INSTRUCTIONS TO FOLLOW: Starting at the top of the listing, extract every line up to and including the one with "A vintage-inspired bell". Pictures stay out of the copy.

MATERIAL PROVIDED:
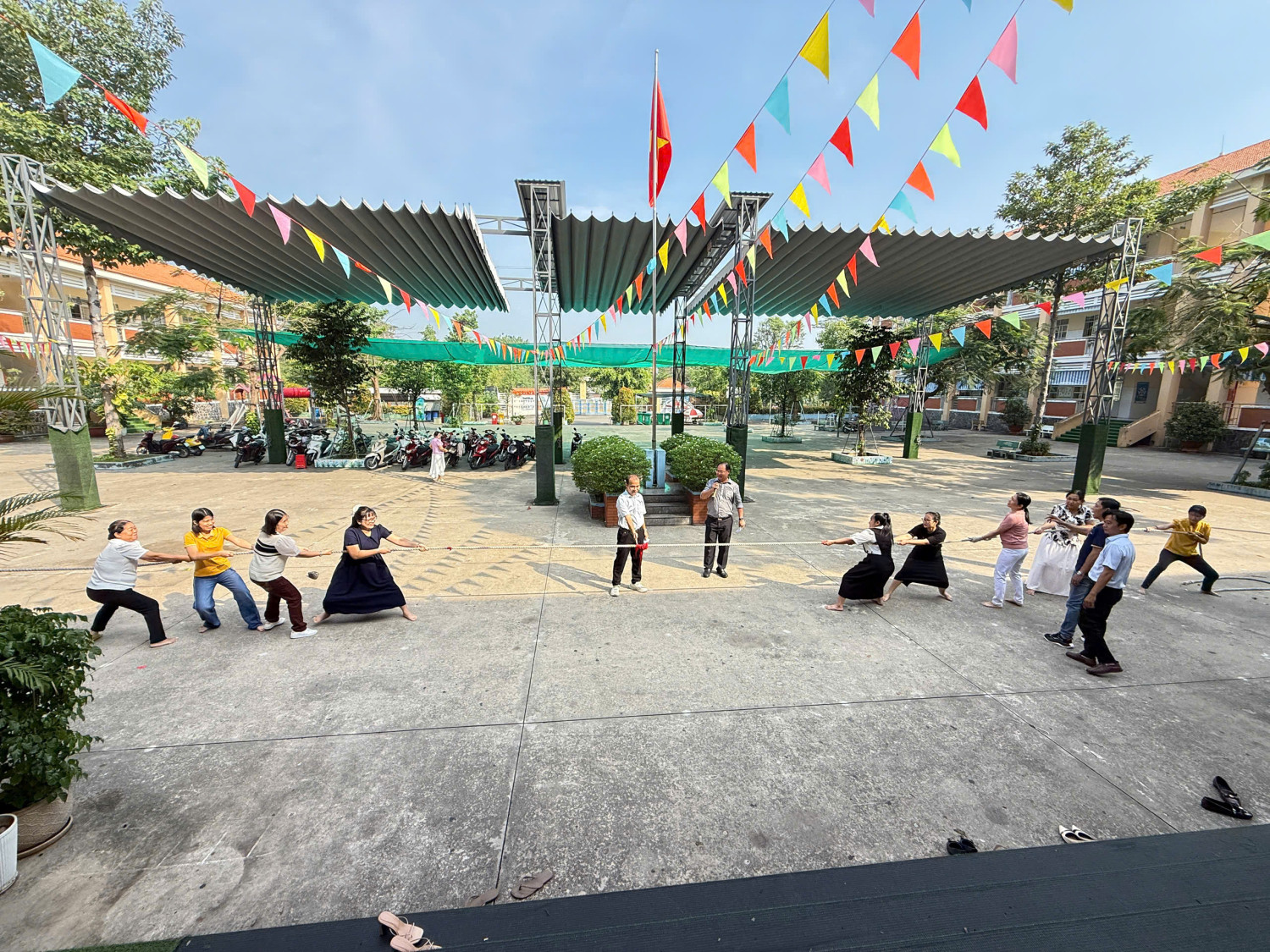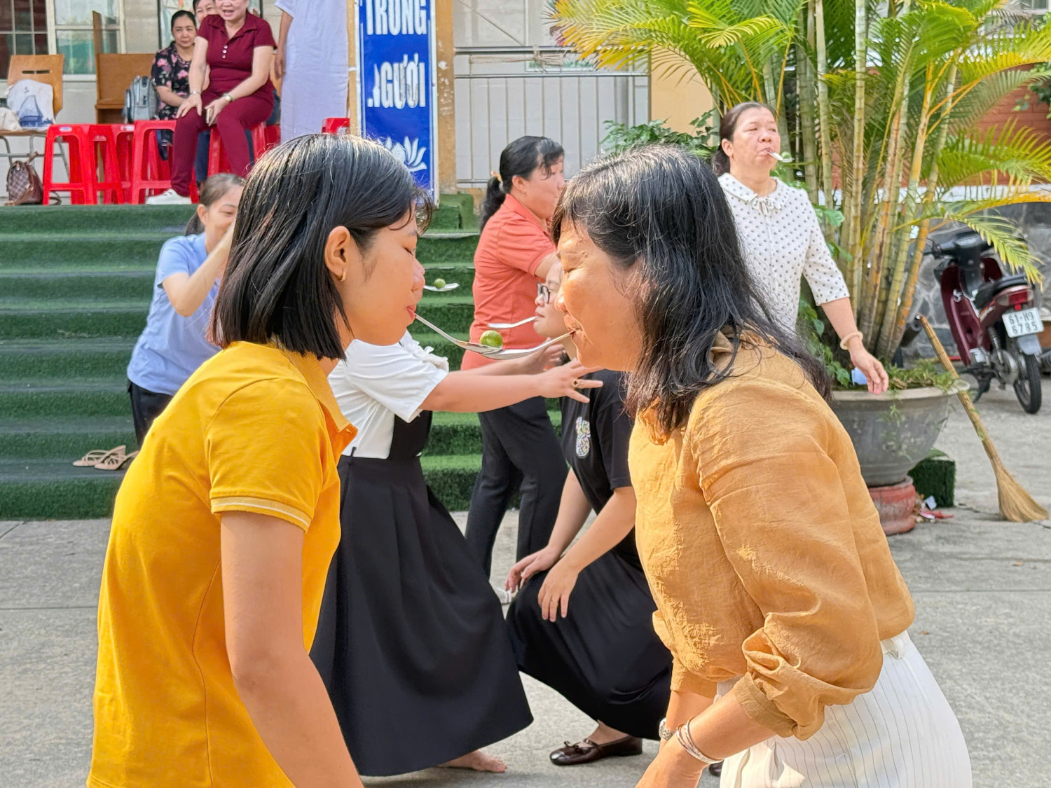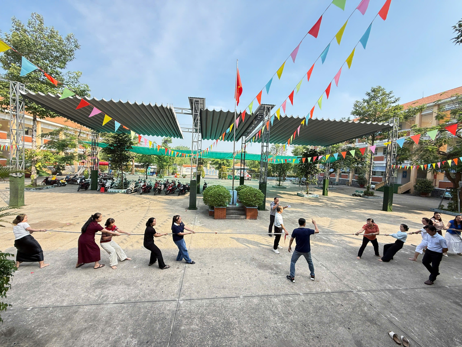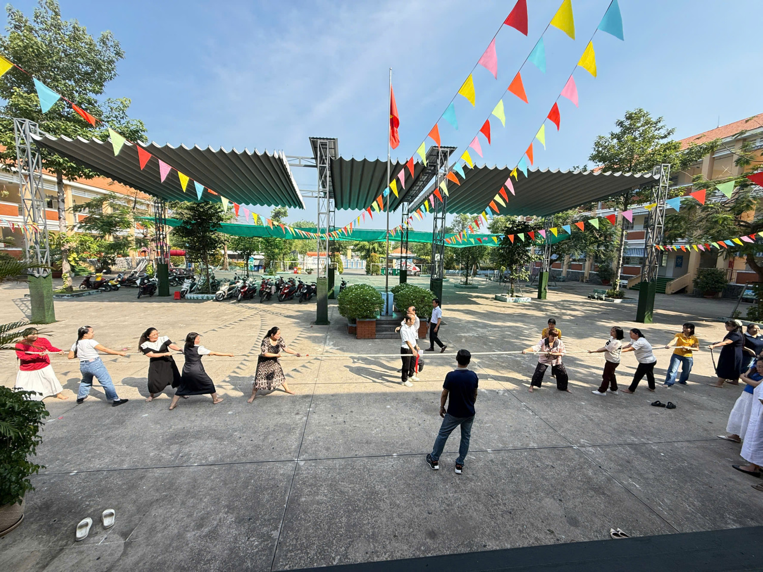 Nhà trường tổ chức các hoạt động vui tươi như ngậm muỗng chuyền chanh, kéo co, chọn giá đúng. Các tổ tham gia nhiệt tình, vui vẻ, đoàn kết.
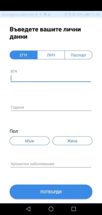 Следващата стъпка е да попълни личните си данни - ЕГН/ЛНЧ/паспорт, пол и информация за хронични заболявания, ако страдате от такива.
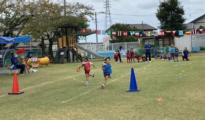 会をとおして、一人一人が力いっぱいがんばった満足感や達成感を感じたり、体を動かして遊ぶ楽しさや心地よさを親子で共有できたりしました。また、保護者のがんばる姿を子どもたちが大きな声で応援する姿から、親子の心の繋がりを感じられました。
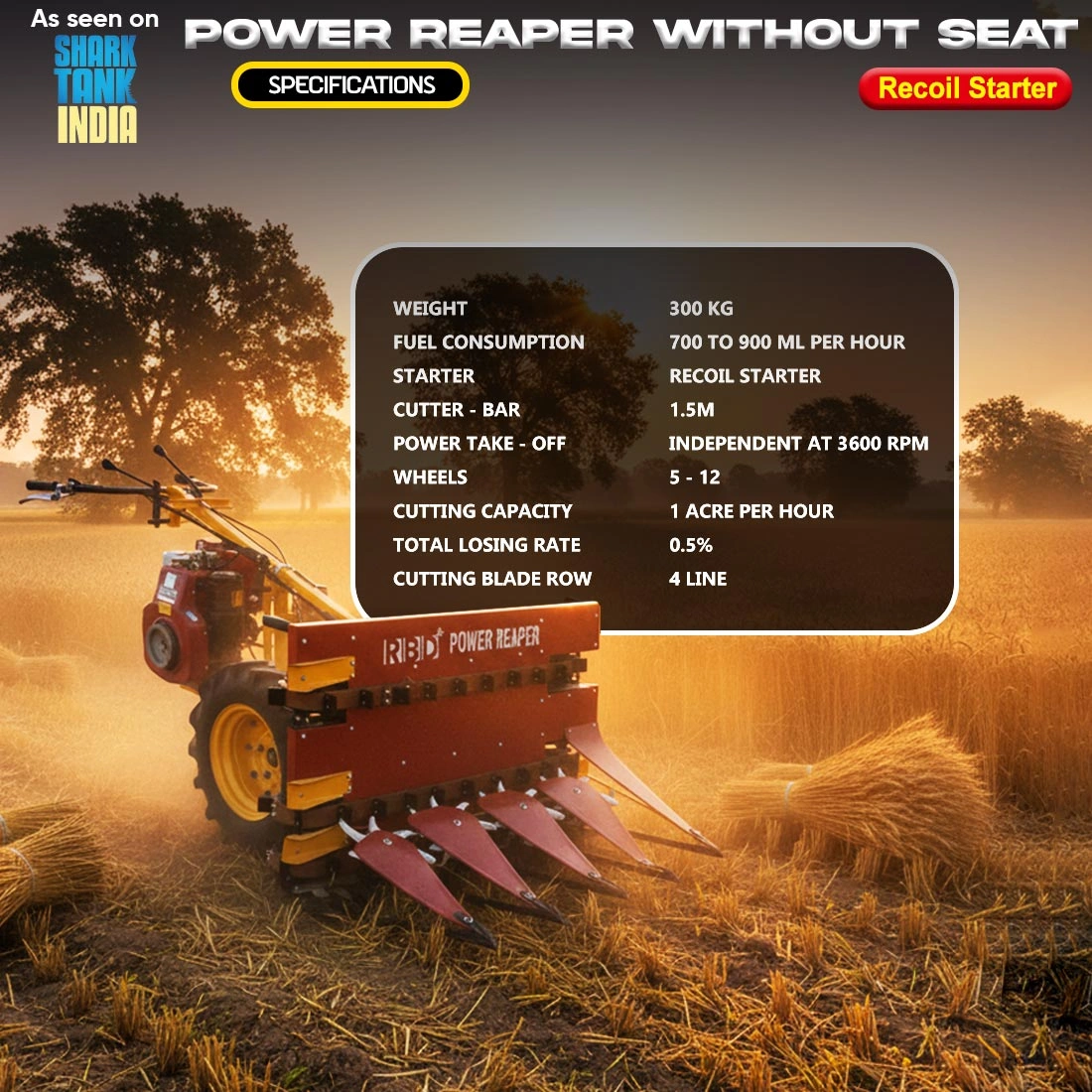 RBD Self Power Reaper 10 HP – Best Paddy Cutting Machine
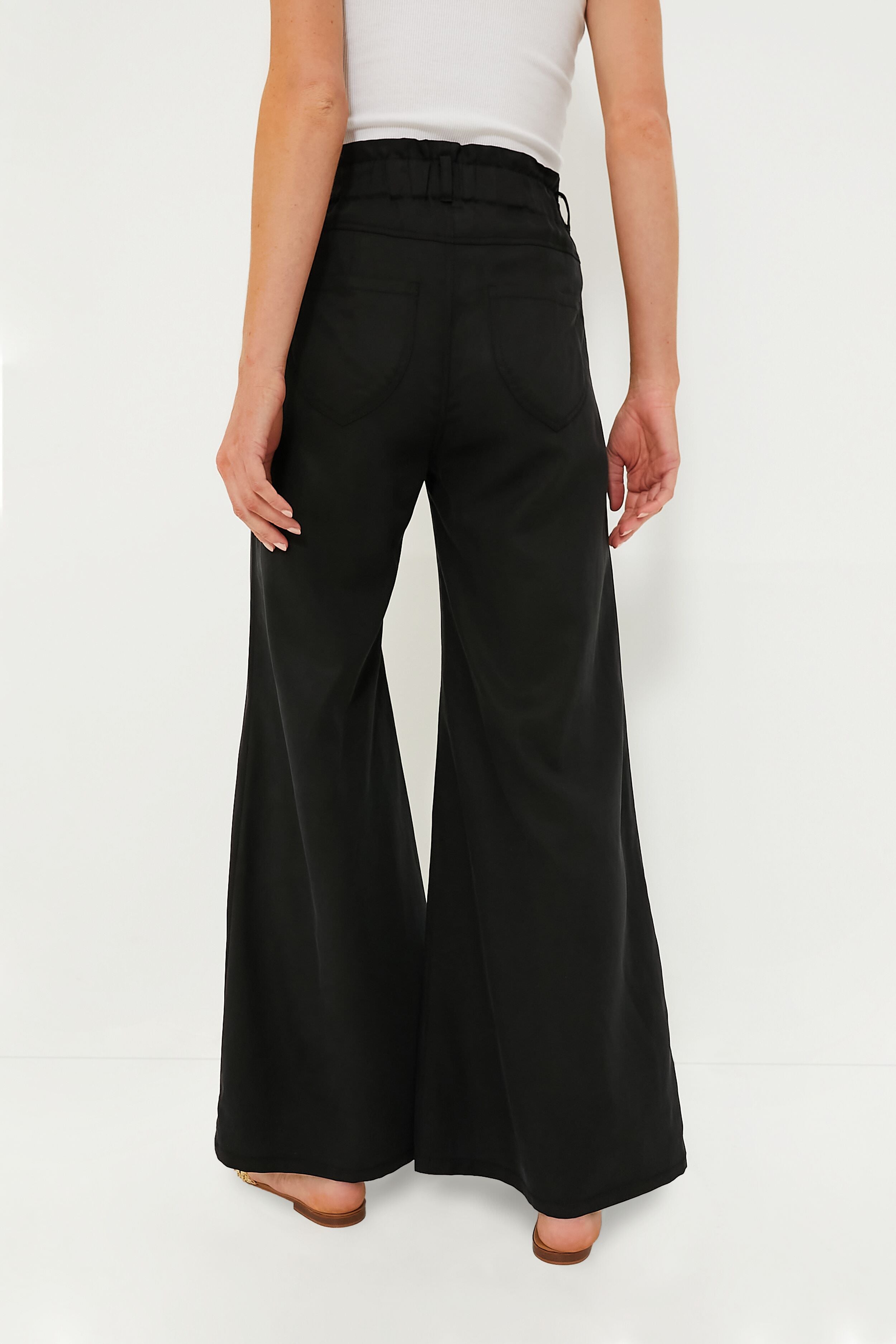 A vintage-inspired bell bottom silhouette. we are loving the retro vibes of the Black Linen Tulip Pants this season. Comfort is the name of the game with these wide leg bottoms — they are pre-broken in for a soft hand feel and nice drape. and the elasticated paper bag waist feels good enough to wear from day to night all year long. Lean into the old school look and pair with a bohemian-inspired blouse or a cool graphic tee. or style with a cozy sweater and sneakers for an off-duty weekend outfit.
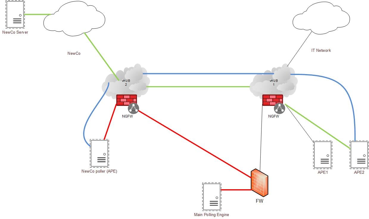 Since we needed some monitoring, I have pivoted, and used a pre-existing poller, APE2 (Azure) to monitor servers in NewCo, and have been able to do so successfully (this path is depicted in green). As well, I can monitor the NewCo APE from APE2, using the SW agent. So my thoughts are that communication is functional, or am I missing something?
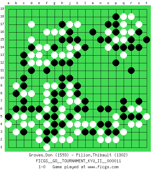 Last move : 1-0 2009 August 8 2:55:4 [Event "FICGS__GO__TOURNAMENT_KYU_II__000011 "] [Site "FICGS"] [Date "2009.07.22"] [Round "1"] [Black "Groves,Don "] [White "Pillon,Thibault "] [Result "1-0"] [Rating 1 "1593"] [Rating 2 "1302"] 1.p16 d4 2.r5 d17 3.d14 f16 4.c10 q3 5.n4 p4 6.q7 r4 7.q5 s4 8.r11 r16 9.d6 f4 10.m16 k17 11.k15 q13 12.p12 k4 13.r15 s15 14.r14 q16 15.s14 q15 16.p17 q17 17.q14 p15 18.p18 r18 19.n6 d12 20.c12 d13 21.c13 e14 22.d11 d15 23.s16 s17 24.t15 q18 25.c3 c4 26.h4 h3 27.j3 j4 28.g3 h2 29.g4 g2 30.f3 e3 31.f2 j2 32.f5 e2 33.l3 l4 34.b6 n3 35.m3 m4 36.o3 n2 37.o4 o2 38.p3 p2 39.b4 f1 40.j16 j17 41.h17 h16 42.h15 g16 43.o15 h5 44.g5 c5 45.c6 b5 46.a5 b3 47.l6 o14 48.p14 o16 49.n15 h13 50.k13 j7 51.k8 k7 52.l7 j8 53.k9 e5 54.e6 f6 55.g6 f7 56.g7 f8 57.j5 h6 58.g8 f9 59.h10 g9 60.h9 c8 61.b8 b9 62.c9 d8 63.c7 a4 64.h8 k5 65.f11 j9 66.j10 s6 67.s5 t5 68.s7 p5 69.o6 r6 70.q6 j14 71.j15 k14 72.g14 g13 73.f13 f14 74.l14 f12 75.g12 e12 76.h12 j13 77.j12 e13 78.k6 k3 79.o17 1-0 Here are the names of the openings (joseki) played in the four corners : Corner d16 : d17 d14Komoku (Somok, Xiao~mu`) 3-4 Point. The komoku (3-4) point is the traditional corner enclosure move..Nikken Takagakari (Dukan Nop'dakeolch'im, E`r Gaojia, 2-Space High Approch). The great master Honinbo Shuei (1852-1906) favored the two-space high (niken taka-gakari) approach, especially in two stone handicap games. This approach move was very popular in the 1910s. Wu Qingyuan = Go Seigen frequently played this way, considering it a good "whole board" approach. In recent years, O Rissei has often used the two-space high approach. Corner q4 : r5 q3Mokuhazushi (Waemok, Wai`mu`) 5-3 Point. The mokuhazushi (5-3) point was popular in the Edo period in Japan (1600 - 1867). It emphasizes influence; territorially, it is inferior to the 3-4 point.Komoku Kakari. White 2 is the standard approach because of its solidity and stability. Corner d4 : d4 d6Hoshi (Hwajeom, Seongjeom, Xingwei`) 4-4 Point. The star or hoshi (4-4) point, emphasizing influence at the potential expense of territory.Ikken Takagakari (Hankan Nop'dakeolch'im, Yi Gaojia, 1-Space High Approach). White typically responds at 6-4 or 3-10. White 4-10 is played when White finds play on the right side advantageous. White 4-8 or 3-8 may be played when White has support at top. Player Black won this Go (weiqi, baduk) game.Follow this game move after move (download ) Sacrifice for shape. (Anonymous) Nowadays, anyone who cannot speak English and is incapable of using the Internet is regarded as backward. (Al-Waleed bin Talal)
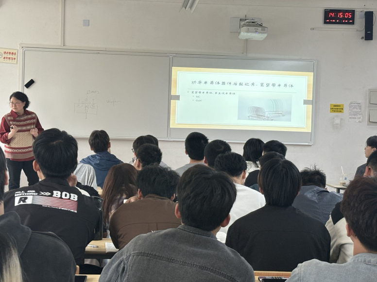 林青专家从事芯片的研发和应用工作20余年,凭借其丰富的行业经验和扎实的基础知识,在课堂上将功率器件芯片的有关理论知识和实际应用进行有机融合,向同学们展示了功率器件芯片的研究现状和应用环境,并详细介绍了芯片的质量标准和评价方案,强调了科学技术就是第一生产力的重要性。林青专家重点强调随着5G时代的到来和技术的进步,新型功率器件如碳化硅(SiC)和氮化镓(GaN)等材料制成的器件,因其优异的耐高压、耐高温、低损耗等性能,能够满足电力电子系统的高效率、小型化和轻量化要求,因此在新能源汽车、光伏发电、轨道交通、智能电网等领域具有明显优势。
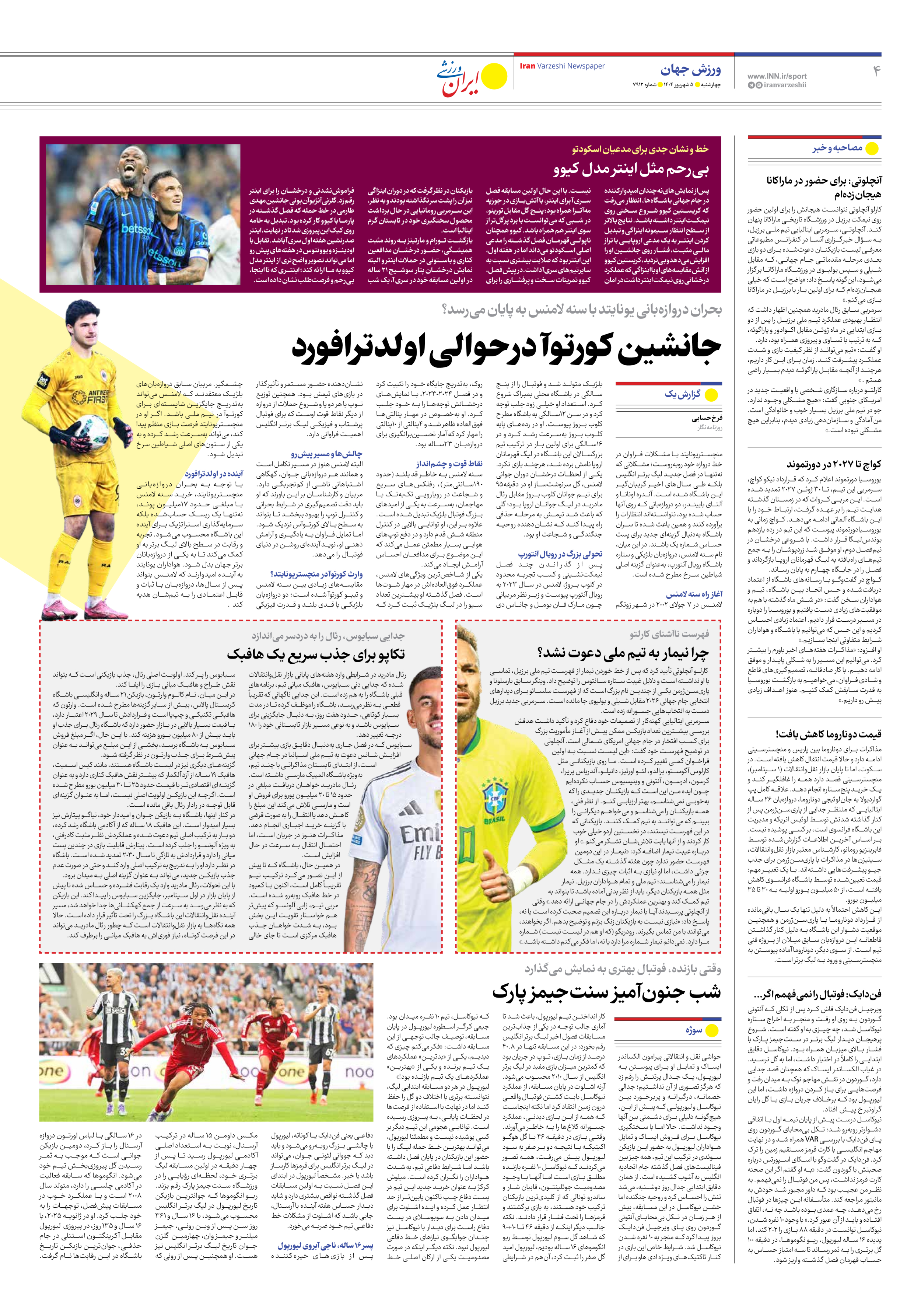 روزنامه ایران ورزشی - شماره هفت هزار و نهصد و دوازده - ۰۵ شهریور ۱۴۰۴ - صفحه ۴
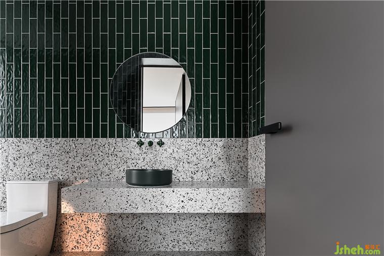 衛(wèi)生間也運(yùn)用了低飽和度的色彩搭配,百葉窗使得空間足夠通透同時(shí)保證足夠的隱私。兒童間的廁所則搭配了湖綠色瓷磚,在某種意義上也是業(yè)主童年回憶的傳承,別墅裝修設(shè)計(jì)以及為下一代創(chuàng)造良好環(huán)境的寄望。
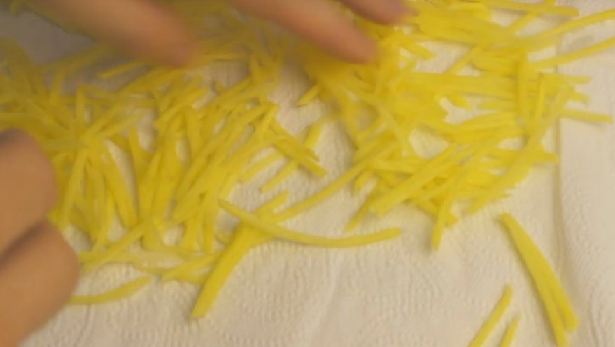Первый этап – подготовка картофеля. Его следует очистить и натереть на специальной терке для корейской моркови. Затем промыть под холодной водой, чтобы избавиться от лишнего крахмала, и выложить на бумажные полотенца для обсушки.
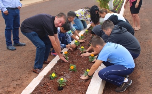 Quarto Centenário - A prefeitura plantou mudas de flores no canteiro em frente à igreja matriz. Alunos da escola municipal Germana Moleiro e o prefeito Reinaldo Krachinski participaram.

EXERCISE OUTPUT:
 Nhà trường tổ chức các hoạt động vui tươi như ngậm muỗng chuyền chanh, kéo co, chọn giá đúng. Các tổ tham gia nhiệt tình, vui vẻ, đoàn kết.
 Следващата стъпка е да попълни личните си данни - ЕГН/ЛНЧ/паспорт, пол и информация за хронични заболявания, ако страдате от такива.
 会をとおして、一人一人が力いっぱいがんばった満足感や達成感を感じたり、体を動かして遊ぶ楽しさや心地よさを親子で共有できたりしました。また、保護者のがんばる姿を子どもたちが大きな声で応援する姿から、親子の心の繋がりを感じられました。
 RBD Self Power Reaper 10 HP – Best Paddy Cutting Machine
 A vintage-inspired bell bottom silhouette. we are loving the retro vibes of the Black Linen Tulip Pants this season. Comfort is the name of the game with these wide leg bottoms — they are pre-broken in for a soft hand feel and nice drape. and the elasticated paper bag waist feels good enough to wear from day to night all year long. Lean into the old school look and pair with a bohemian-inspired blouse or a cool graphic tee. or style with a cozy sweater and sneakers for an off-duty weekend outfit.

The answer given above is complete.